As a forb herb, this plant lacks the woody tissue of climbing clematis varieties you might know. Instead, it grows as a low herbaceous perennial, emerging from ground-level buds each spring.

A True Virginia Native – But Barely Hanging On

Here’s where things get serious: Clematis viticaulis is found nowhere else in the world except Virginia. Even within the state, it’s restricted to a tiny area in the limestone regions of the Shenandoah Valley. This plant has earned a Global Conservation Status of S1, meaning it’s critically imperiled with typically fewer than 1,000 individuals remaining in the wild.

  • Species observed
  • No observations

Why You Shouldn’t Try to Grow It (And What to Do Instead)

Before you start scouring the internet for seeds or plants, pump the brakes. The Millboro leather flower’s extreme rarity means it should be left to professional conservation efforts. Here’s why attempting to cultivate it isn’t a great idea:

  • It requires very specific limestone soil conditions that are difficult to replicate
  • The plant is extremely sensitive to environmental changes
  • Any wild collection would further threaten the remaining populations
  • Even with perfect conditions, cultivation success rates are extremely low

Growing Conditions (For Educational Purposes)

If this plant weren’t so rare, it would require:

  • Well-drained, alkaline soils with high limestone content
  • Partial shade conditions
  • Cool, consistently moist (but not wet) soil
  • USDA hardiness zones 6-8
  • Minimal soil disturbance

Supporting Conservation Instead

Rather than trying to grow this rarity, consider supporting organizations working to protect Virginia’s native plant heritage. You can also create habitat for other native Virginia clematis species and wildflowers that aren’t critically endangered.
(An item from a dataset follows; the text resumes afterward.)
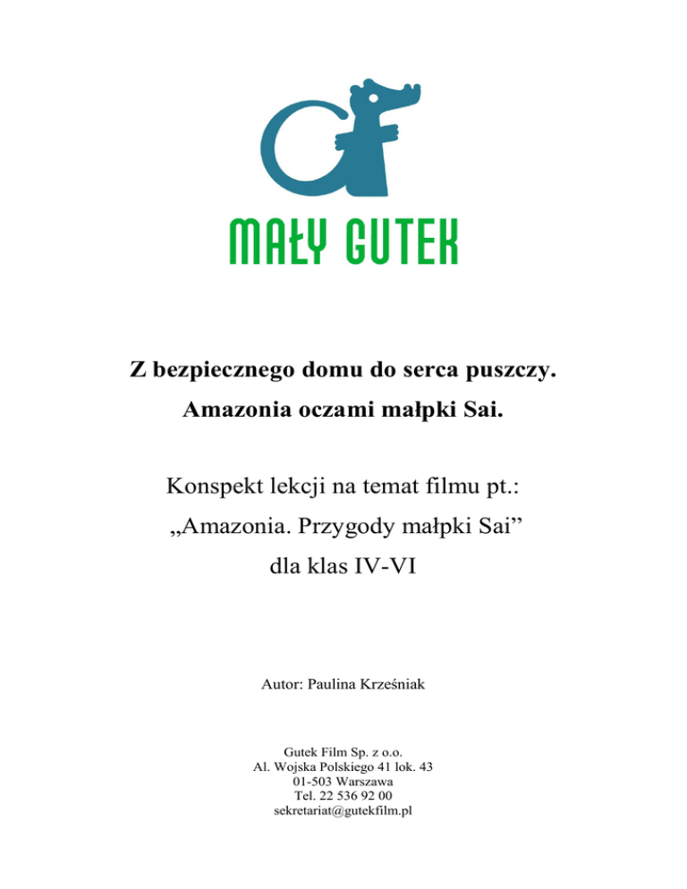 Z bezpiecznego domu do serca puszczy. Amazonia oczami małpki Sai. Konspekt lekcji na temat filmu pt.: „Amazonia. Przygody małpki Sai” dla klas IV-VI Autor: Paulina Krześniak Gutek Film Sp. z o.o. Al. Wojska Polskiego 41 lok. 43 01-503 Warszawa Tel. 22 536 92 00 [email protected] Temat: Z bezpiecznego domu do serca puszczy. Amazonia oczami małpki Sai. Cele lekcji: rozwijanie wrażliwości uczniów poprzez kontakt ze sztuką filmową, zapoznanie uczniów z różnicami pomiędzy filmem dokumentalnym a fabularnym, zachęcanie uczniów do rozmowy na tematy takie jak adaptacja do nowych warunków, czy różnice między cywilizacją a życiem na łonie natury, kształcenie umiejętności rekonstruowania poznanej fabuły, rozwijanie umiejętności samodzielnego myślenia, doskonalenie umiejętności formułowania myśli z uwzględnieniem zasad kultury słowa, ćwiczenie umiejętności korzystania ze źródeł i wyszukiwania informacji, przybliżenie uczniom regionu Amazonii: wiedzy na temat jego położenia oraz fauny i flory. Treści podstawy programowej Język polski: 2. Samokształcenie i docieranie do informacji. Uczeń korzysta z informacji zawartych w encyklopedii, słowniku ortograficznym, słowniku języka polskiego (małym lub podręcznym), słowniku wyrazów bliskoznacznych.(…) Tworzenie wypowiedzi: 2) dostosowuje sposób wyrażania się do oficjalnej i nieoficjalnej sytuacji komunikacyjnej oraz do zamierzonego celu 5) tworzy wypowiedzi pisemne w następujących formach gatunkowych: opowiadanie z dialogiem (twórcze i odtwórcze), pamiętnik i dziennik (pisane z perspektywy bohatera literackiego lub własnej), list oficjalny, proste sprawozdanie (np. z wycieczki, z wydarzeń sportowych), opis postaci, przedmiotu, krajobrazu, ogłoszenie, zaproszenie, prosta notatka;(…) 8) uczestnicząc w rozmowie, słucha z uwagą wypowiedzi innych, mówi na temat; prezentuje własne zdanie i uzasadnia je;(…) Świadomość językowa: 7) operuje słownictwem z określonych kręgów tematycznych (na tym etapie skoncentrowanym przede wszystkim wokół tematów: dom, rodzina, szkoła i nauka, środowisko przyrodnicze i społeczne) Plastyka: 3. Analiza i interpretacja tekstów kultury – recepcja sztuki. Uczeń: 1) rozróżnia określone dyscypliny w takich dziedzinach jak: architektura, sztuki plastyczne oraz w innych dziedzinach sztuki (fotografika, film) i przekazach medialnych (telewizja, Internet) Zajęcia komputerowe: 3. Wyszukiwanie i wykorzystywanie informacji z różnych źródeł. Uczeń: 1) wyszukuje informacje w różnych źródłach elektronicznych (słowniki, encyklopedie, zbiory biblioteczne, dokumentacje techniczne i zasoby Internetu); 2) selekcjonuje, porządkuje i gromadzi znalezione informacje; 3) wykorzystuje, stosownie do potrzeb, informacje w różnych formatach; 4) opisuje cechy różnych postaci informacji: tekstowej, graficznej, dźwiękowej, audiowizualnej, multimedialnej. Przyroda: 5.Człowiek a środowisko. 3) proponuje działania sprzyjające środowisku przyrodniczemu (…) 13. Krajobrazy świata. 1) charakteryzuje warunki klimatyczne i przystosowania do nich wybranych organizmów w następujących krajobrazach strefowych: lasu równikowego wilgotnego, sawanny, pustyni gorącej, stepu, tajgi, tundry, pustyni lodowej; 2) opisuje krajobrazy świata, w szczególności: lasu równikowego wilgotnego, sawanny, pustyni gorącej, stepu, tajgi, tundry, pustyni lodowej, rozpoznaje je na ilustracji oraz lokalizuje na mapie; 3) rozpoznaje i nazywa organizmy roślinne i zwierzęce typowe dla poznanych krajobrazów; 4) podaje przykłady współzależności między składnikami krajobrazu, zwłaszcza między klimatem (temperatura powietrza, opady atmosferyczne) a rozmieszczeniem roślin i zwierząt. Metody pracy: pogadanka, element wykładu, praca w grupach, karta pracy: ćwiczenie pisemne, praca z mapką konturową, praca ze źródłami informacji. Materiały i pomoce: Amazonia. Przygody małpki Sai. reż. T. Ragobert, Francja, Brazylia 2013, arkusze papieru i mazaki, karty pracy dla wszystkich uczniów, publikacje i materiały popularnonaukowe dotyczące Amazonii lub dostęp do internetu. Przebieg lekcji: 1. Pogadanka. Nauczyciel pyta dzieci, czy film pt. Amazonia. Przygody małpki Sai podobał im się oraz na czym – ich zdaniem – polega jego wyjątkowość. 2. Element wykładu. Nauczyciel przybliża lub przypomina uczniom różnice między filmami dokumentalnymi i fabularnymi: Filmy dokumentalne wyróżnia – jak sama nazwa wskazuje – dokumentowanie czegoś, przedstawianie faktów. Często tworzone są one w celach informacyjnych, po to, by przybliżyć widzom jakieś miejsca, postaci czy wydarzenia. (Warto tu podać przykłady filmów dokumentalnych, które uczniowie wcześniej widzieli, ewentualnie nawiązać do gatunku, jakim jest film przyrodniczy.) Filmy fabularne przedstawiają fikcyjne wydarzenia, które składają się na wielowątkową zazwyczaj opowieść (fabułę). W filmach fabularnych występują aktorzy, którzy wcielają się w role bohaterów. 3. Praca w grupach. Nauczyciel dzieli klasę na dwie grupy. Każda grupa dostaje arkusz papieru i mazak. Zadaniem pierwszej grupy jest wskazanie w filmie Amazonia. Przygody małpki Sai cech filmu dokumentalnego, zadaniem drugiej zaś – cech filmu fabularnego. Po upływie czasu przeznaczonego na wykonanie zadania (ok. 10 min.) przedstawiciele grup prezentują efekty swojej pracy. Prowadzący w razie potrzeby uzupełnia odpowiedzi uczniów. Warto zwrócić uwagę na następujące cechy dokumentu: ujęcia przedstawiające amazońską przyrodę: rośliny i zwierzęta przypominają te, które znamy z filmów przyrodniczych, z filmu dowiadujemy się wiele na temat życia zwierząt w amazońskiej puszczy, dzięki czemu spełnia on funkcję informacyjną oraz następujące cechy filmu fabularnego: film opowiada o powiązanych ze sobą wydarzeniach, które składają się na fabułę. mimo dokumentalnego charakteru uj

Alternative Native Clematis Options

If you’re drawn to native clematis, consider these more common alternatives that won’t compromise rare populations:

  • Virgin’s bower (Clematis virginiana) – a vigorous climbing native
  • Purple clematis (Clematis occidentalis) – if you’re in the right climate zone
  • Other native Virginia wildflowers that thrive in limestone soils

The Bottom Line

The Millboro leather flower represents both the incredible diversity of our native flora and the fragility of rare ecosystems. While we can’t all grow this botanical treasure in our gardens, we can appreciate its uniqueness and support the conservation efforts working to ensure it doesn’t disappear forever. Sometimes the best way to love a plant is to admire it from afar and protect the wild spaces where it belongs.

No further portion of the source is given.